1. Ports
  2. Port 2310

What Port 2310 Is

Port 2310 sits in the registered ports range (1024-49151). IANA has assigned it to a service called sdclient — "SD Client" — on both TCP and UDP.1

The registration traces back to enterprise software distribution tooling from the late 1990s. SD Client was a component used to push software packages from a central server to networked machines, part of a category of tools that enterprise IT departments leaned on before modern configuration management (Ansible, Chef, SCCM, Intune) made the whole approach obsolete.

The registration remains. The ecosystem that motivated it largely does not.

What "Registered Port" Actually Means

The registered range (1024-49151) is where vendors and developers formally claimed port numbers for their applications. Unlike well-known ports (0-1023), registered ports don't require root or administrator privileges to bind — any process can open one.

IANA maintains the registry, but registration is not enforcement. There's no technical mechanism preventing a completely different application from listening on port 2310. Registration is a coordination tool, not a lock. When a registered service fades out of use, the port doesn't automatically become available — it just sits there, nominally claimed, until someone petitions for a change or the registry gets cleaned up.

Port 2310 is in good company. Thousands of registered ports point to applications that peaked during the client-server era of the 1990s and are now effectively dormant.

Is Anything Using It Today?

Almost certainly nothing using it for its registered purpose. Software distribution in enterprise environments moved on to tools that use standard web ports (80/443) or dedicated modern protocols.

If you see activity on port 2310, it's more likely to be:

  • A custom application that chose this port arbitrarily because it appeared free
  • A misconfigured service that defaulted to an unusual port
  • Background scanning traffic from security researchers or bots probing the registered range

How to Check What's Listening on Port 2310

On Linux or macOS:

# Show which process is using port 2310
ss -tlnp | grep 2310

# Or with lsof
lsof -i :2310

On Windows:

netstat -ano | findstr :2310

The output will show the process ID (PID) bound to the port. Cross-reference with Task Manager or ps to identify the application.
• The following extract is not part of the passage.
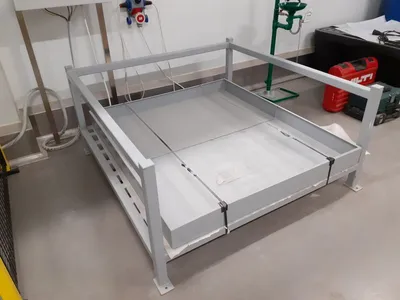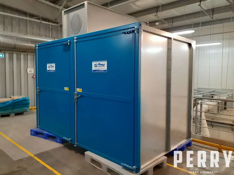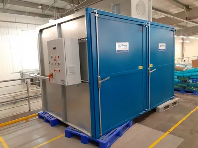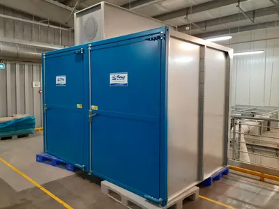 Unused atmospheric cabinet dryer by Airflow Premier Industrial Oven (UK). Chamber construction mild steel. Inside dimensions of drying chamber: W 3250 mm x D 1850 mm x H 2050 mm. Working temperature range up to 60C. Dryer is equipped with 2.2 kW centrifugal fan, whch can give air circullation up to 4.2 air change per minute. Heating – electric – 15 x el heaters each with power 3 kW. Outside dimensions: W 3500 mm x H 2900 mm x D 2200 mm. Machine has local control panel.

If nothing comes back, the port is silent — which is the expected result for port 2310 on any modern system.

Why Unassigned (and Dormant) Ports Matter

The registered port range contains 48,128 port numbers. A meaningful fraction of them are assigned to services that no longer exist, products that never shipped, or protocols that never gained traction. This matters for two reasons:

Security scanning: Automated scanners treat unexpected activity on any port as potentially significant. An application quietly using port 2310 for internal communication may trigger alerts simply because nothing is supposed to be there.

Port selection for new software: Developers choosing ports for new applications have to navigate the registry carefully. A port that appears dormant might still be in active use by legacy enterprise software somewhere. "Registered but abandoned" is an ambiguous state.

The Internet Assigned Numbers Authority periodically reviews the registry, but the backlog of dormant registrations is enormous. Port 2310's sdclient entry will likely outlast anyone who remembers what sdclient actually did.